(INFORMATION GIVEN)

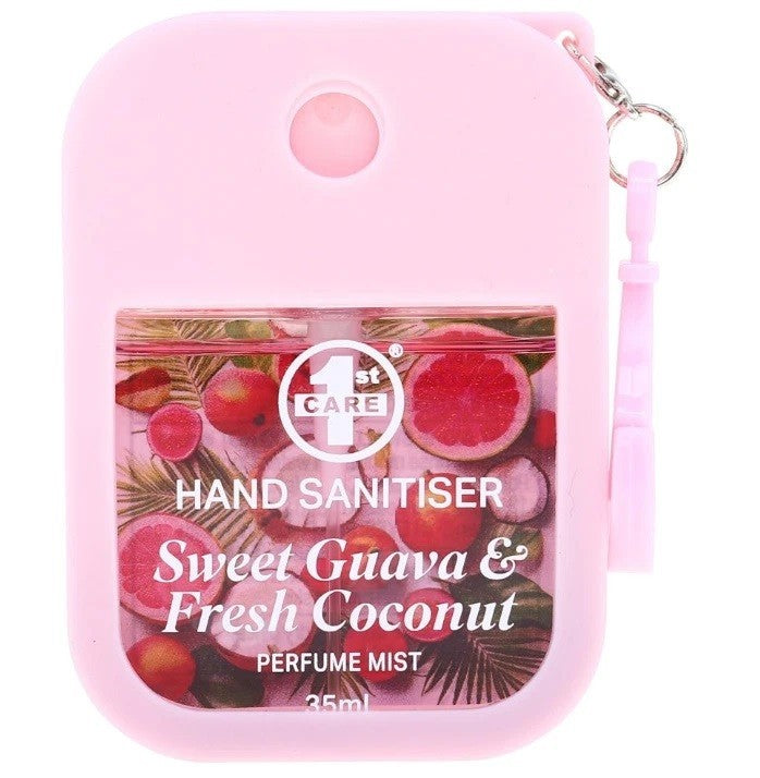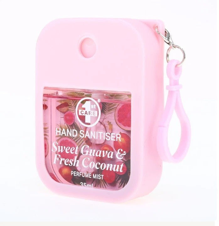 1x Hand Sanitizer Spray Perfume Mist 35ml Silicone Case Clip Guava & Coconut
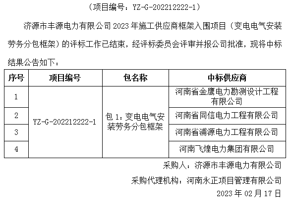 米兰MiLan(中国)市丰源电力有限公司2023年施工供应商框架入围项目(变电电气安装劳务分包框架)中标结果公告
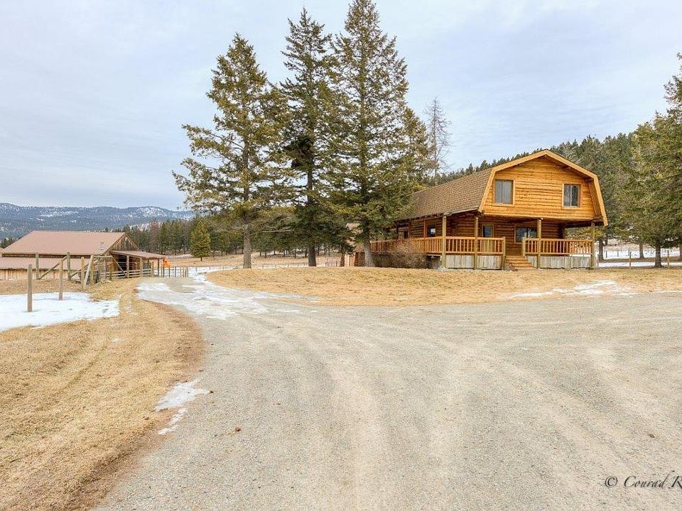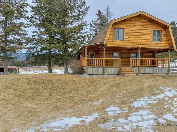 Country living at it's best! Here is your true Montana log home with open beam ceilings and log railing throughout the house. This 3,000 Sq Ft home boasts 3 bedrooms and 3 baths, all on 5.28 acres. Has a fabulous brick fireplace in the living room with open beams which gives it a ''lodge'' feel. Multiple fenced pastures, barn with tack room, shed, round pen and an arena. State land nearby.
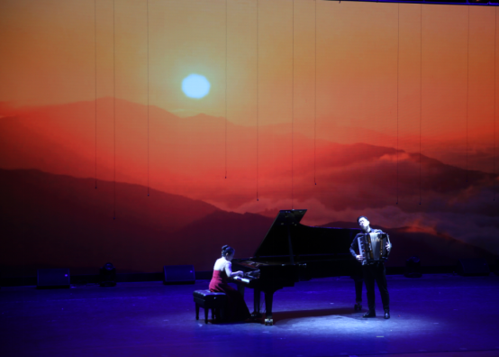 随后教师王宁带来了二胡原创曲目——《遵义红》,用悠扬的旋律向我们讲述了一段可歌可泣的宏伟历史,展示了共产党员无惧无畏、勇往直前的精神。教师杨娜带来的歌曲《挑担茶叶上北京》,教师李晓莹、郑磊演绎的钢琴与手风琴二重奏《我的祖国》,都展现了一代代勤劳的中国人民经过不懈努力创造出的璀璨文明。
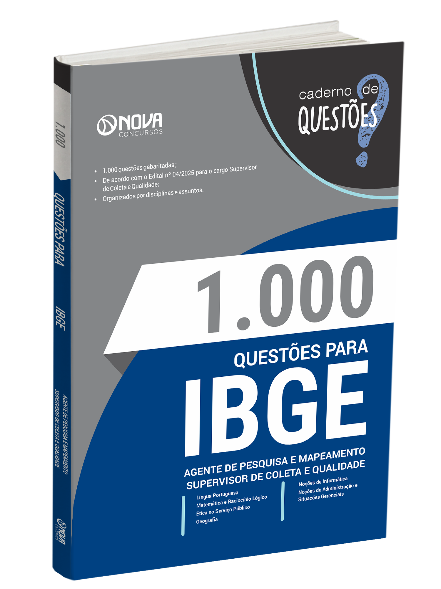 - Livro 1000 Questões Gabaritadas para IBGE - Agente de Pesquisas e Mapeamento (APM) e Supervisor de Coleta e Qualidade (SCQ): inclui questões de concursos recentes da banca FGV, organizadora responsável pelo certame do concurso do Instituto Brasileiro de Geografia e Estatística, selecionadas de acordo com os principais assuntos cobrados no ultimo edital, para os cargos Agente de Pesquisas e Mapeamento (APM) e Supervisor de Coleta e Qualidade (SCQ).
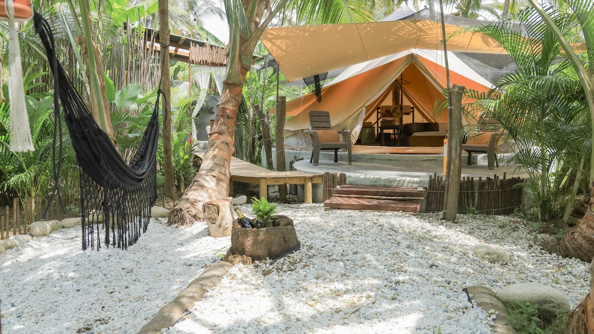 Enjoy a unique experience by the sea, surrounded by nature. Feel the sand under your feet and relax under coconut trees with the sound of the waves. The perfect place to rest and reconnect, with an amazing view from your bed. Just 15 minutes from Tayrona Park and 5 mins from Buritaca, each tent has something special to offer. A space taylormade, where you can enjoy a full open - air experience on the beach.
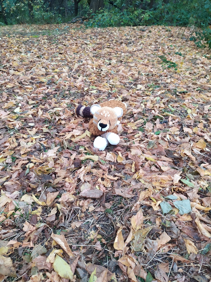 Это теперь я понимаю, что пряжа не та, крючек не подходящий. Мало набила холофайбером. Но как же я была довольна собой, мучилась месяц. Училась делать кольцо амигуруми и правильные петли))
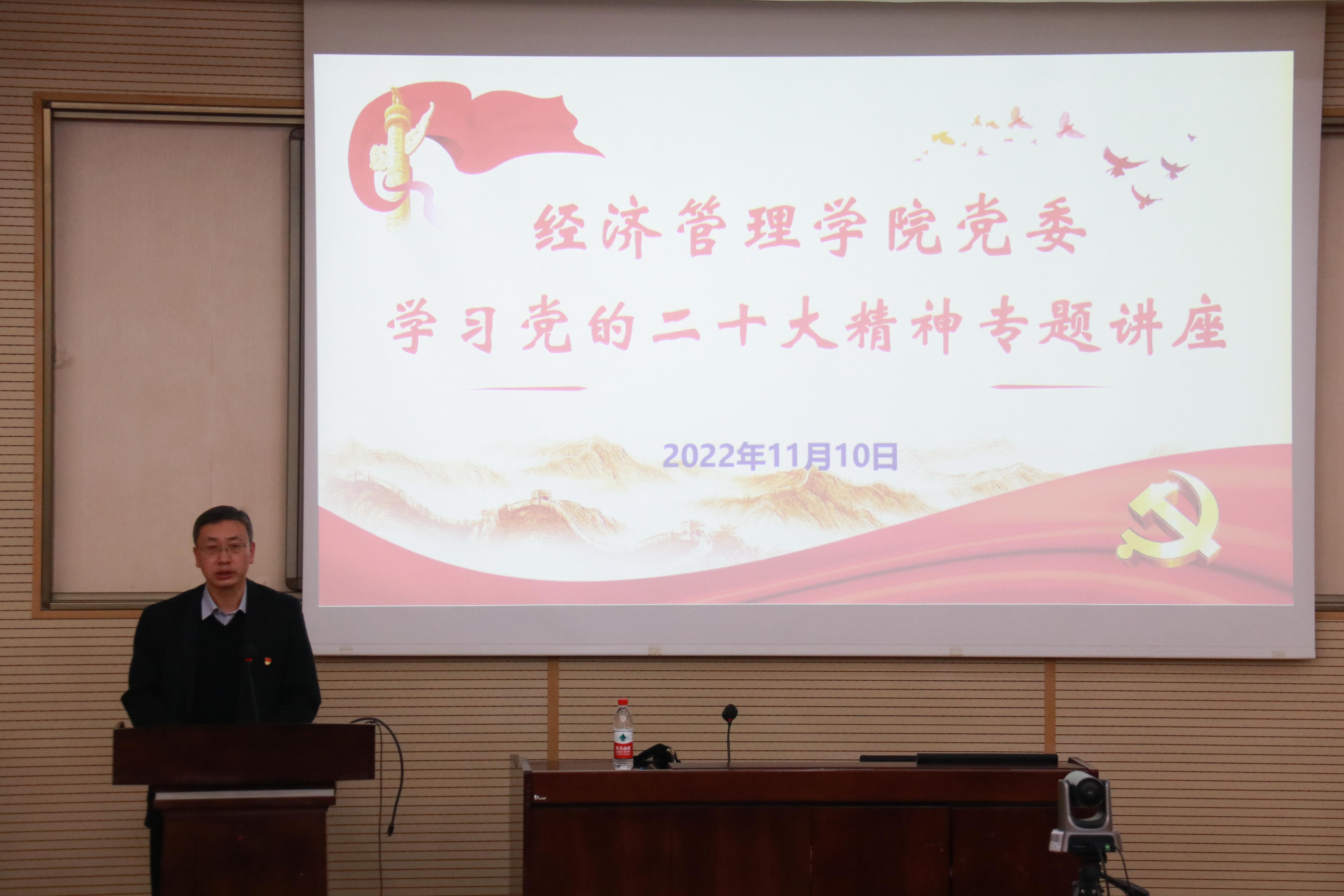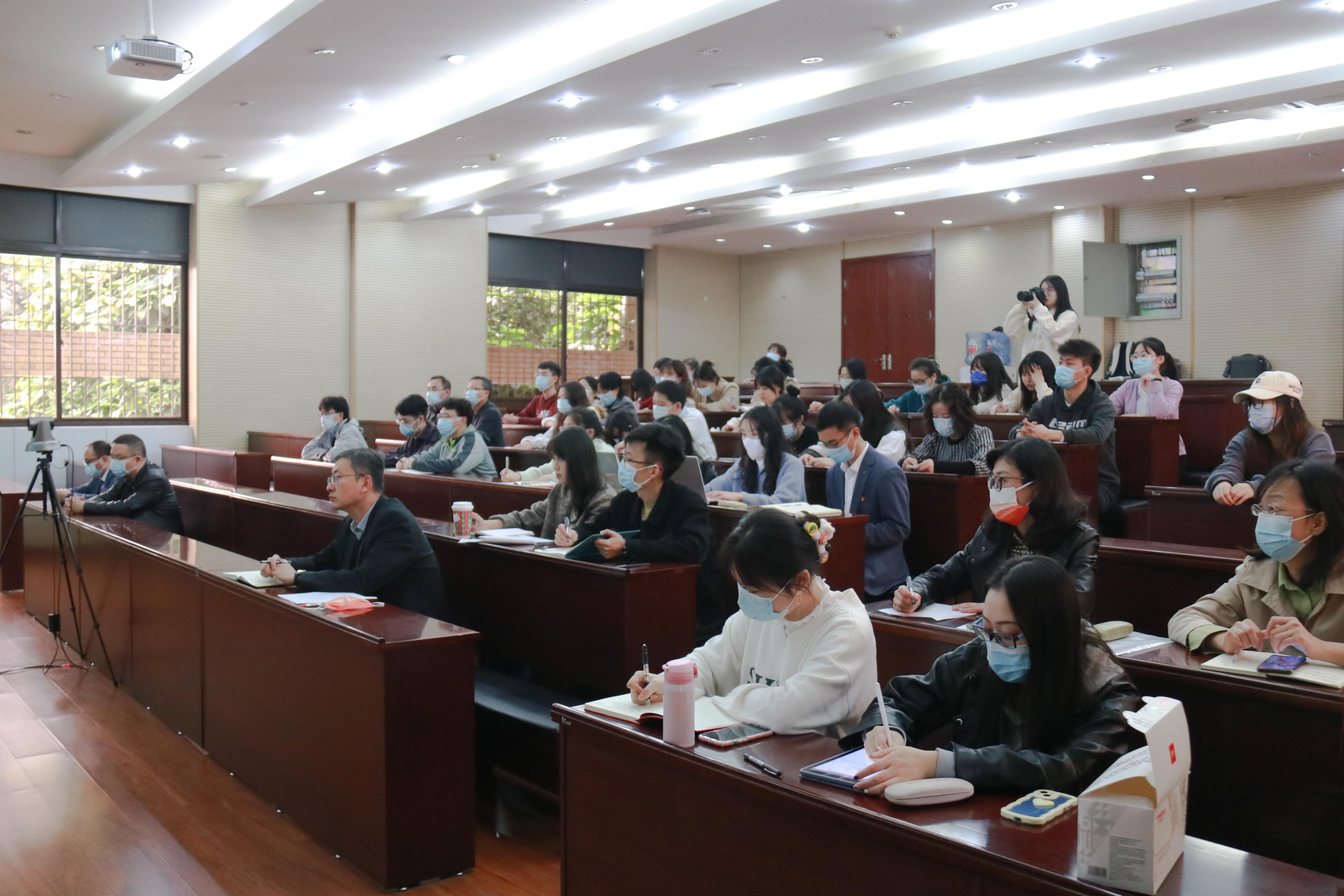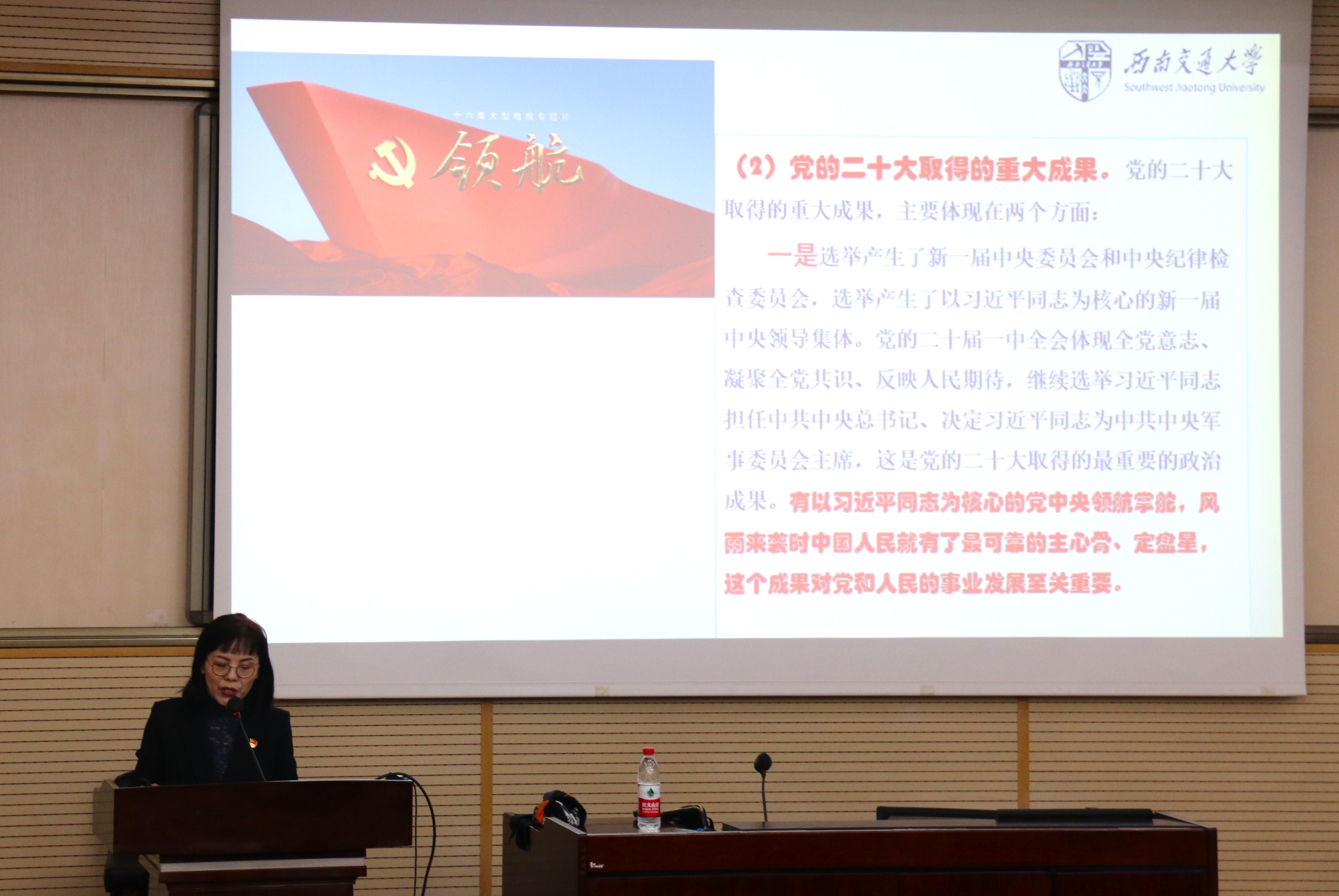 为深入学习贯彻党的二十大精神,beats365党委特邀四川省委宣讲团专家库成员、beats365官方网站马克思主义公司教授何薇老师于11月10日下午在九里校区0202教室作题为《学报告悟思想开新局——深入学习领会党的二十大精神 坚定不移推进全面从严治党》的专题报告。讲座由公司党委书记王斌主持,公司党委委员、院领导、各师生党支部委员参加了此次专题讲座。

(End INFORMATION GIVEN)

*WHAT IS NEEDED*:
Print, exactly, each line above from the one with "Country living at" to the one with "随后教师王宁带来了二胡原创曲", end lines included. Leave pictures out of it.

*YOUR RESPONSE*:
 Country living at it's best! Here is your true Montana log home with open beam ceilings and log railing throughout the house. This 3,000 Sq Ft home boasts 3 bedrooms and 3 baths, all on 5.28 acres. Has a fabulous brick fireplace in the living room with open beams which gives it a ''lodge'' feel. Multiple fenced pastures, barn with tack room, shed, round pen and an arena. State land nearby.
 随后教师王宁带来了二胡原创曲目——《遵义红》,用悠扬的旋律向我们讲述了一段可歌可泣的宏伟历史,展示了共产党员无惧无畏、勇往直前的精神。教师杨娜带来的歌曲《挑担茶叶上北京》,教师李晓莹、郑磊演绎的钢琴与手风琴二重奏《我的祖国》,都展现了一代代勤劳的中国人民经过不懈努力创造出的璀璨文明。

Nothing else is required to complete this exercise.